Sepuluh Tahun Kerja Sama Maritim RI – RRT

1/17/2015

 
SIARAN PERS

 

 

KEDUTAAN BESAR REPUBLIK INDONESIA,

 

BEIJING, REPUBLIK RAKYAT TIONGKOK

 


No. 4 Dongzhimenwai Dajie Chaoyang District Beijing

 

Tel: 86-10-65325371 Fax: 86-10-65325368, 65325782

 

http://www.kemlu.go.id/beijing
email: set.beijing.kbri@kemlu.go.id

 

 

 


Sepuluh Tahun Kerja Sama Maritim RI – RRT

 


Technical Committee Meeting on Maritime Cooperation (TCM) RI - RRT ke-9 telah dilaksanakan pada 15-16 Januari 2015, di Beijing.  Delegasi RI dipimpin oleh Dirjen Hukum dan Perjanjian Internasional, Ferry Adamhar, beranggotakan wakil dari Badan SAR Nasional, Badan Keamanan Laut, Direktorat Kepolisian Perairan- Mabes Polri, TNI AL, dan Asisten Operasi Ka. SAL.

 

Pertemuan ini merupakan pertemuan kerja sama maritim yang pertama setelah pertemuan bilateral Presiden Jokowi dengan Presiden Xi Jinping, di sela-sela KTT APEC tanggal 9 November 2014. Pertemuan TCM ke-9 merupakan pertemuan tingkat teknis yang membahas isu-isu kerja sama di bidang keamanan maritim; keselamatan navigasi; pengelolaan ilmu pengetahuan kelautan, perlindungan lingkungan, dan perikanan.

 

Pertemuan ini juga menandakan sepuluh tahun kerja sama maritim RI - RRT di bawah kerangka MoU Kerja Sama Maritim tahun 2005 yang kemudian diperbarui dengan penandatanganan MoU Kerja Sama Maritim pada tahun 2012. 

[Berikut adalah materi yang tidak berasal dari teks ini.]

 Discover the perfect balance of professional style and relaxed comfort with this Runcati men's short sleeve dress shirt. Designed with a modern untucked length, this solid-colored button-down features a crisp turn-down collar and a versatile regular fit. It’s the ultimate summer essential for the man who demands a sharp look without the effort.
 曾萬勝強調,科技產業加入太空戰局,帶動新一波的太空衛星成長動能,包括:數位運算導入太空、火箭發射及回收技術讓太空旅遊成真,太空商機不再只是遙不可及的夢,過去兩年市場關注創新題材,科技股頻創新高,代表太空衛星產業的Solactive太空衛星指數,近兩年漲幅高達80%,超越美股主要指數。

Pertemuan TCM ke-9 ini berhasil menyepakati implementasi dari 3 proyek kerja sama maritim senilai 150 juta RMB (sekitar USD 25 juta), yang akan didanai melalui Maritime Cooperation Fund (MCF), yaitu (1). Keamanan Laut Satelit (Kamlasat) Fase II, (2). China - Indonesia Joint Table Top Maritime SAR Exercise Project, (3). Indonesia China Center for Ocean and Climate (ICCOC).

 

Selain itu, kedua belah pihak menyadari pentingnya kerja sama Maritime SAR secara lebih mendalam, terutama setelah kejadian hilangnya Malaysian Airlines MH 370 dan jatuhnya Air Asia QZ 8501. Pada kesempatan ini, kedua pihak menjajaki kemungkinan untuk penyusunan MoU kerja sama Maritime SAR.